Records drawn from a dataset

===

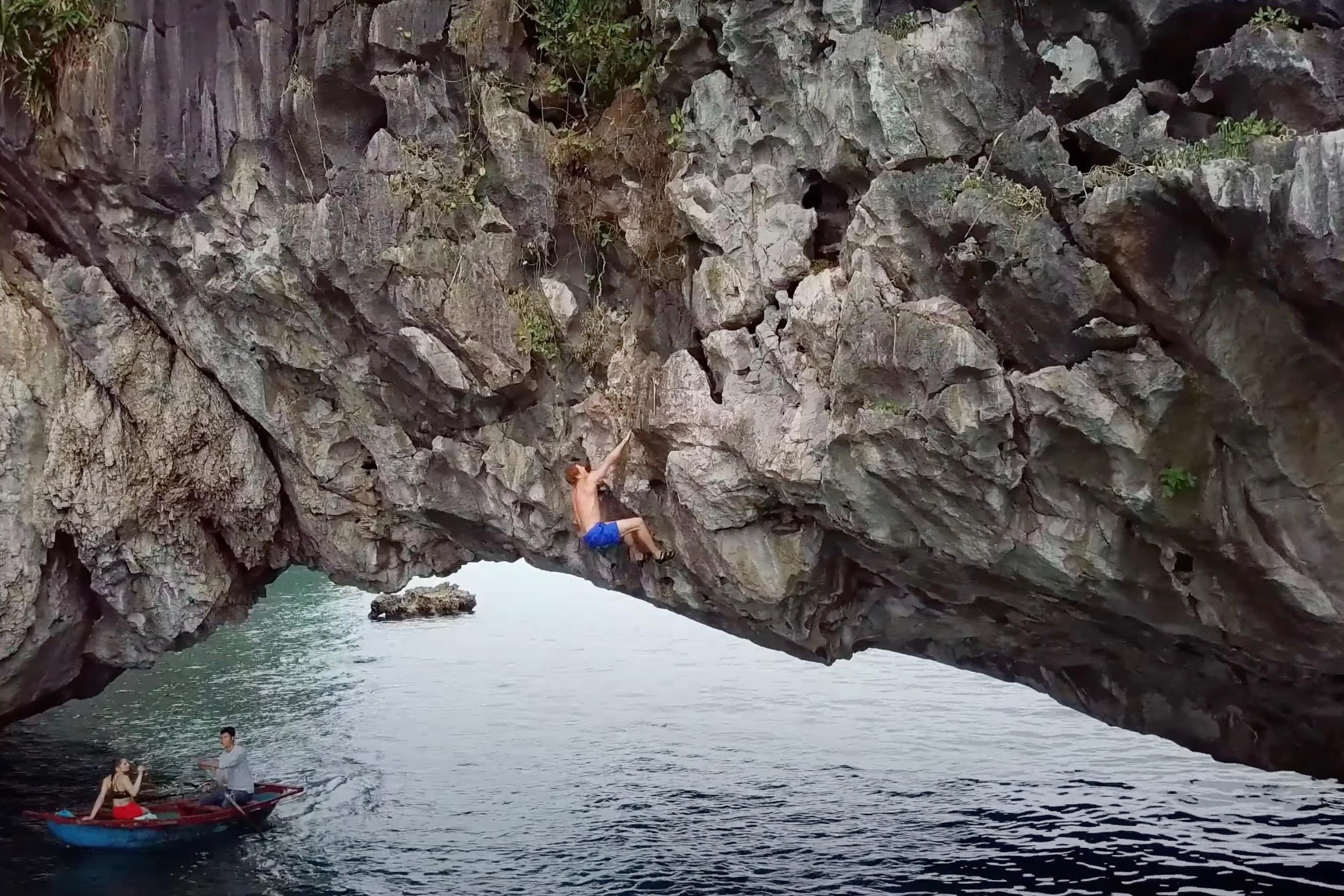 Experience an exhilarating half-day deep water soloing adventure in Lan Ha Bay, Cat Ba Island, Vietnam, including climbing, swimming, and a delightful breakfast.
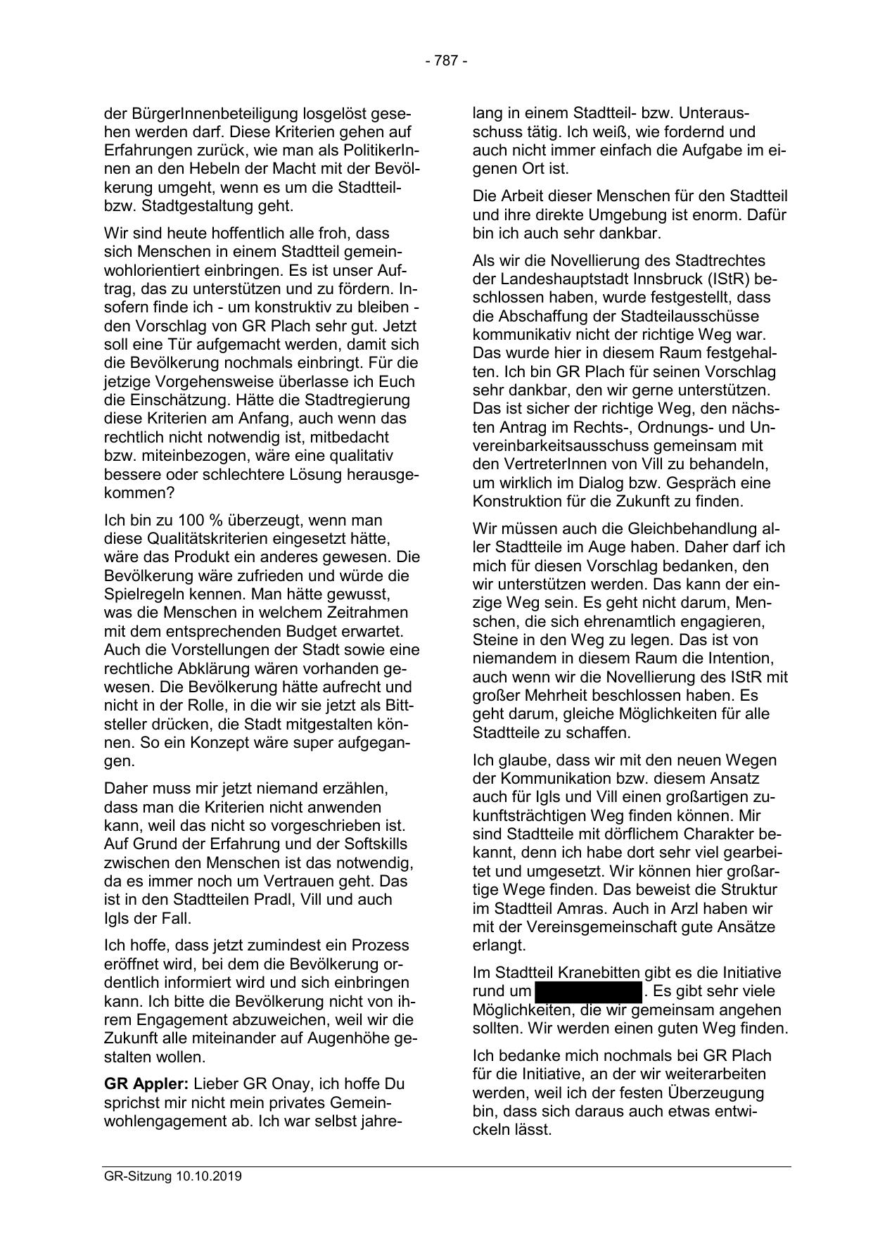 sich Menschen in einem Stadtteil gemeinwohlorientiert einbringen. Es ist unser Auftrag, das zu unterstützen und zu fördern. Insofern finde ich - um konstruktiv zu bleiben den Vorschlag von GR Plach sehr gut. Jetzt
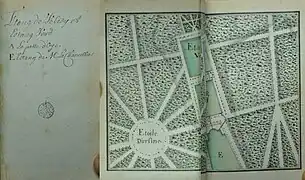 L'aménagement autour du nouveau château est connu principalement grâce à un plan "levé et dressé par M. De Roux, Garde du corps dans la compagnie de Noailles", repris par Le Rouge[3].
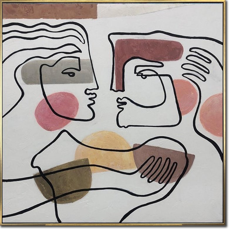 Large 60x60" Acrylic Abstract Painting Kissing Couple Painting Romantic Original Painting Love Couple Modern Art Painting for Living Room
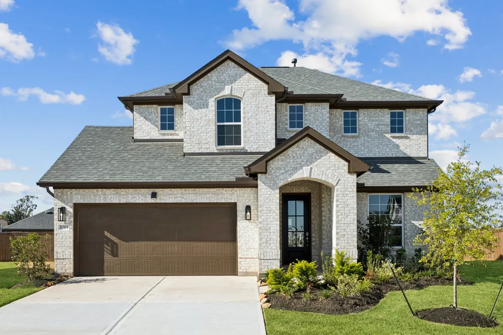 Annabelle III - LAGOON LIVING - Lagoon life is coming to Huffman ISD! Discover Saint Tropez, a peaceful community found in Huffman, Texas that seamlessly blends suburban charm with rural tranquility, offering families a peaceful living experience. Whether you're enjoying a drink at the swim up bar, breaking a sweat in the state-of-the-art fitness center, or engaging in some friendly competition at the bowling alley, coming home here is a daily retreat. Megatel Homes Annabelle III Plan is a two-story, 2,418 square foot home featuring four bedrooms, three and a half bathrooms, a covered patio, and a two-car garage. Situated on a 50 ft lot, this home is available with elevation A, showcasing a distinct and stylish exterior design. Why settle for the hustle and bustle when you can embrace the tranquility?
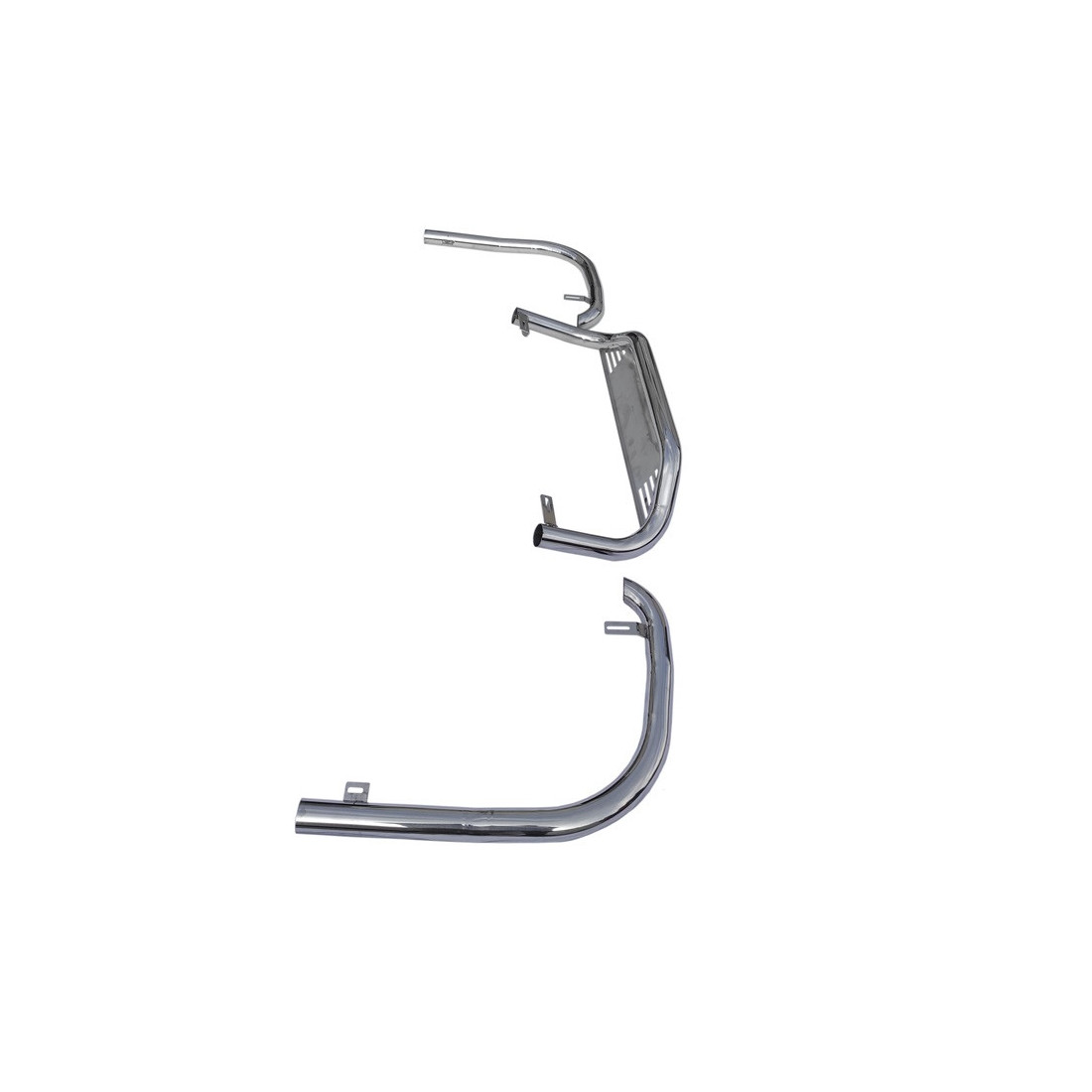 Cijev izrađena od zrcalno sjajnog nehrđajućeg čelika (304). Trodijelna verzija - dva bočna kuta plus srednji (okrenuti, brkovi, mjesto za tablicu). Set ručki uključen. Dizajniran za SCANIA NEXT GEN R/S. Cijena po kompletu. Neoriginalni dio dodatne opreme.

===

## WHAT YOU HAVE TO DO:
Copy nothing but the lines above from the one with "sich Menschen in" to the one with "Annabelle III - LAGOON", inclusive, word for word. Leave every picture out.

## ANSWER TO THIS EXERCISE:
 sich Menschen in einem Stadtteil gemeinwohlorientiert einbringen. Es ist unser Auftrag, das zu unterstützen und zu fördern. Insofern finde ich - um konstruktiv zu bleiben den Vorschlag von GR Plach sehr gut. Jetzt
 L'aménagement autour du nouveau château est connu principalement grâce à un plan "levé et dressé par M. De Roux, Garde du corps dans la compagnie de Noailles", repris par Le Rouge[3].
 Large 60x60" Acrylic Abstract Painting Kissing Couple Painting Romantic Original Painting Love Couple Modern Art Painting for Living Room
 Annabelle III - LAGOON LIVING - Lagoon life is coming to Huffman ISD! Discover Saint Tropez, a peaceful community found in Huffman, Texas that seamlessly blends suburban charm with rural tranquility, offering families a peaceful living experience. Whether you're enjoying a drink at the swim up bar, breaking a sweat in the state-of-the-art fitness center, or engaging in some friendly competition at the bowling alley, coming home here is a daily retreat. Megatel Homes Annabelle III Plan is a two-story, 2,418 square foot home featuring four bedrooms, three and a half bathrooms, a covered patio, and a two-car garage. Situated on a 50 ft lot, this home is available with elevation A, showcasing a distinct and stylish exterior design. Why settle for the hustle and bustle when you can embrace the tranquility?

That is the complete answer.